In all the blame allocation about the economic/banking/property crash, it seems to be forgotten that there was, in fact, a general consensus that the construction boom could not be sustained indefinitely. The debate centred on whether we’d have a soft or a hard landing. The vast majority of economists (incl. Brian Lucey) favoured the soft landing scenario, which would have yielded very different consequences to those we are currently enduring.
If we’d had the desired soft landing
- developers and builders would have experienced an orderly reduction in activity levels
- unemployment in the sector would have increased but, at a moderated rate, and much of it would have been absorbed by an economy that continued to expand in other areas
- House price rises would have stabilised, rising at a rate akin to normal inflation and moderating the need to “get on the housing ladder” for first-time buyers
- Banks would have suffered some decline in their profits, but those would still be quite substantial. They would certainly have avoided the catastrophic level of bad debts now being incurred.
However, how would the largest financial beneficiary of the construction boom, i.e. the Govt, have fared in a soft landing?
During the boom, it was routinely estimated that about 40% of the sale price of every new house and apartment went to the Govt through a variety of taxes, duties & levies. Doubtless something similar applied to new commercial properties.
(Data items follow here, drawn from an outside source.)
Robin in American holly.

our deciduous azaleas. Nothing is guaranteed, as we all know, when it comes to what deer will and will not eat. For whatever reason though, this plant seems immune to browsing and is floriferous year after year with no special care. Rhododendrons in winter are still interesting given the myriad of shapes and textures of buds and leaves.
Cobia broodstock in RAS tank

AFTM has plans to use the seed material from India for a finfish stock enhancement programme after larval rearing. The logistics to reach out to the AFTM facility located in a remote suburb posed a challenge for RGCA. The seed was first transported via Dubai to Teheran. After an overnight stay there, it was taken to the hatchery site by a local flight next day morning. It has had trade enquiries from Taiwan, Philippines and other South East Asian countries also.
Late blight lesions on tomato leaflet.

On second-hand properties, stamp duty rates of up to 9%, Capital Gains Tax etc added to the overflowing coffers of the Exchequer.
Rather than recognise the temporary nature of this engorged inflow of property-related taxes, the Government instead embarked on a programme of long-term spending commitments, which were dependant on maintaining and increasing the tax inflows. These included increased public sector employment, bench-marked salaries & pensions, generous social welfare hikes etc etc..
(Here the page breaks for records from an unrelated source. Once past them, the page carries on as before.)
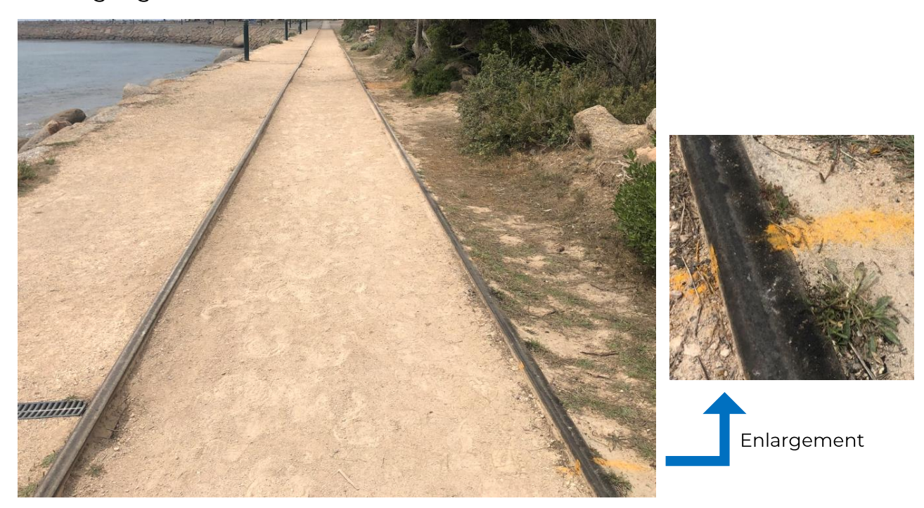
Figure 3.4: Typical Track on Granite Island with Marked Gauge Measurement Location

As an improvement, it is suggested that the VHHTA adopt a regular frequency for monitoring, potentially monthly, to improve regularity of measuring and provide further confidence in the state of the track gauge. This frequency could be reduced in dry seasons if consistent measurements are recorded indicating stable gauge.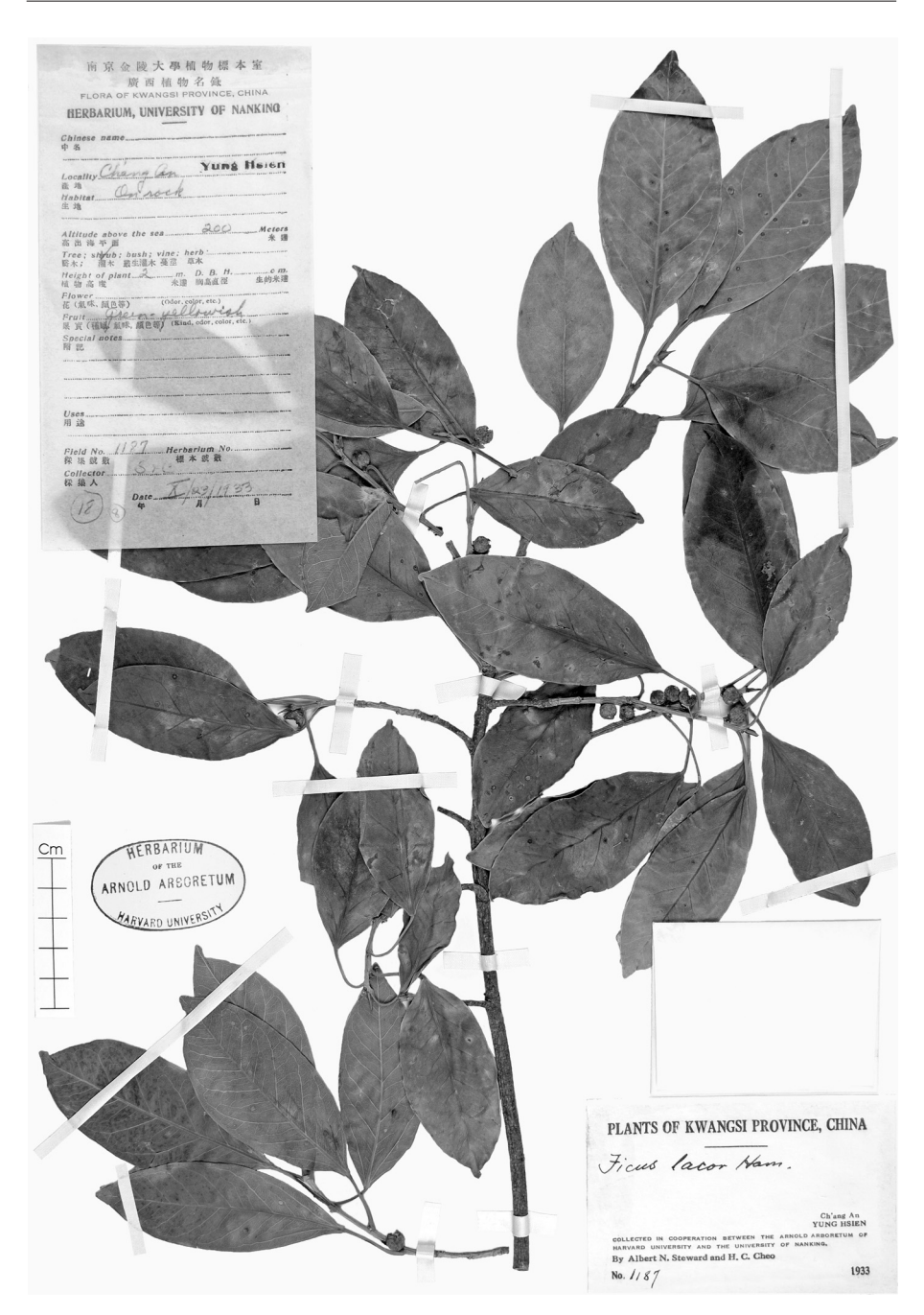
Fig. 2. Ficus alongensis Gagnep., Steward & H.C. Cheo 1197 (A), China, Guangxi, 200 m.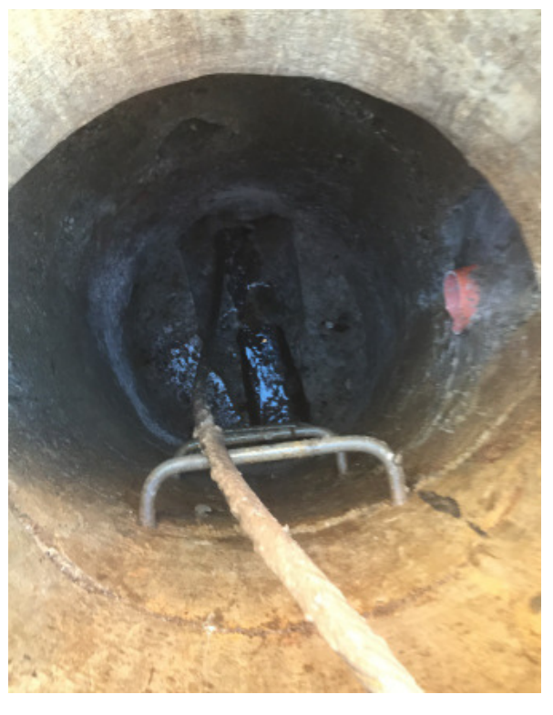
Pic 2: The pulling cable is pulled through the old pipe.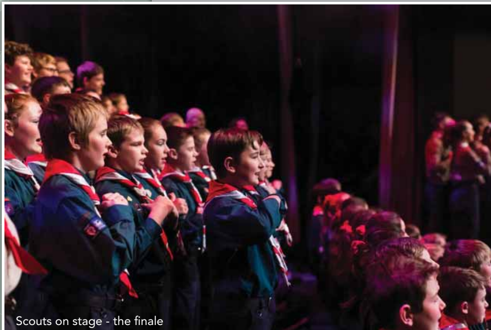
Scouts on stage - the finale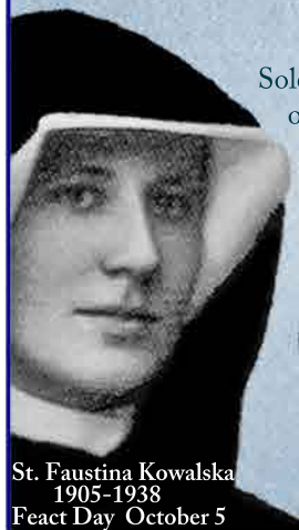
St. Faustina Kowalska 1905-1938 Feast Day October 5

Extraordinary Jubilee Year of Mercy Dec. 8 - Nov. 20 2016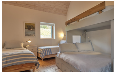
Bunk House ▶

It was a bit like a man working on a 3-5 year project, which temporarily provided a significant boost to his earnings, deciding to take on a 30-year 100% mortgage on the strength of that temporary boost.
So the Government was heading for an inevitable, and material, shortfall in its finances, the so-called structural deficit, regardless of the worldwide economic recession. We got the dreaded hard landing in spades, predicted by the very few, which has greatly exacerbated the problems in the public finances.
It’s clear that the Government was almost certain to be in trouble regardless of what happened, and it was the player who most needed the construction boom to continue as long as possible. Might that explain the annual budget incentives for developers, investors and first-time buyers?
Many investigations logically use a “follow the money” or “cui bono?” methodology. Assuming that the proposed inquiry into the banking crisis pursues this line, the Government will inevitably be in the dock alongside the bankers and developers.